18 April, Great Western Trail, Mt. Timpanogos

The inconspicuous yellow flower we’ve seen several times during the past couple of weeks is common today—bur buttercup, Ranunculus testiculatus. If we weren’t such delicate fellas concerned about the sensibilities of our readers, I would mention the shape of the fruit for which this plant is named. Have a look next time you are on the hillside. It’s a common early flower, often emerging with storksbill. Bur buttercup is another introduced species, entering the U.S. in the last century from southeastern Europe. Like several others we have seen this spring, this species is toxic to sheep.

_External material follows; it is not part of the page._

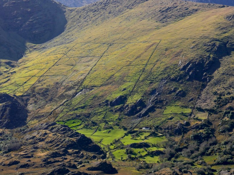 But if you look closely, this photograph also shows the old field patterns from tiny holdings long ago, including the lazy beds – ridges left from cultivating potatoes by hand.

We’ve been looking for glacier lilies along this upper trail for three weeks now. Scott and I split up to scour areas near several small patches of remaining snow. Scott shouts—he’s found something. It’s not a glacier lily, but equally wonderful: a yellow bell, Fritillaria pudica. It’s a fine discovery for me, a plant I have seen only a few times across the years. Surrounded by spring beauties, the striking flower with its three solid yellow petals and three identical sepals nods on a single stem. I tell Scott the spring beauty bulbs are edible and he soon grubs a thumbnailsized bulb out of the black earth. “Are you sure about this?” he asks. I tell him grizzly bears love them. I clean it and we each eat half. Scott thinks it tastes like a hazelnut. When I remind him I am primarily a stream ecologist and that I’m dredging notions of all these plants out of deep memory, he blanches.

19 April, Great Western Trail, Mt. Timpanogos

Riding this afternoon, having learned the name “bur buttercup,” I have a new eye for these rather inconspicuous plants with their testicular fruits. Names can abstract from the thing and thus deflect careful observation, but in this case the name helps me see more exactly.

I find a five-petaled pink flower.

“The first phlox of the year,” Sam says. “We’ll see a bunch more of these in the next few weeks. Phlox longifolia, I think. Sweet William.”

“Phlox! Phlox! Phlox!” I explore the feel of the word in my mouth. I see the odd-looking word in my mind. “Where does the name come from?”

“It’s the Greek word for flame,” Sam answers.

We stop at the maple tree that attracted so many butterflies the other day, hoping to get a better look at the insects. A few of them are still around, but in two days the scene has changed drastically. Prominent buds have opened fully and bundles of flowers hang down from long stems. Today the tree swarms with shiny orange ladybugs, most of them copulating. One male wiggles his hips energetically and we laugh aloud. “We are not even in their conscious world,” Sam says. “We are nothing to them. We don’t exist for them. I like that feeling.”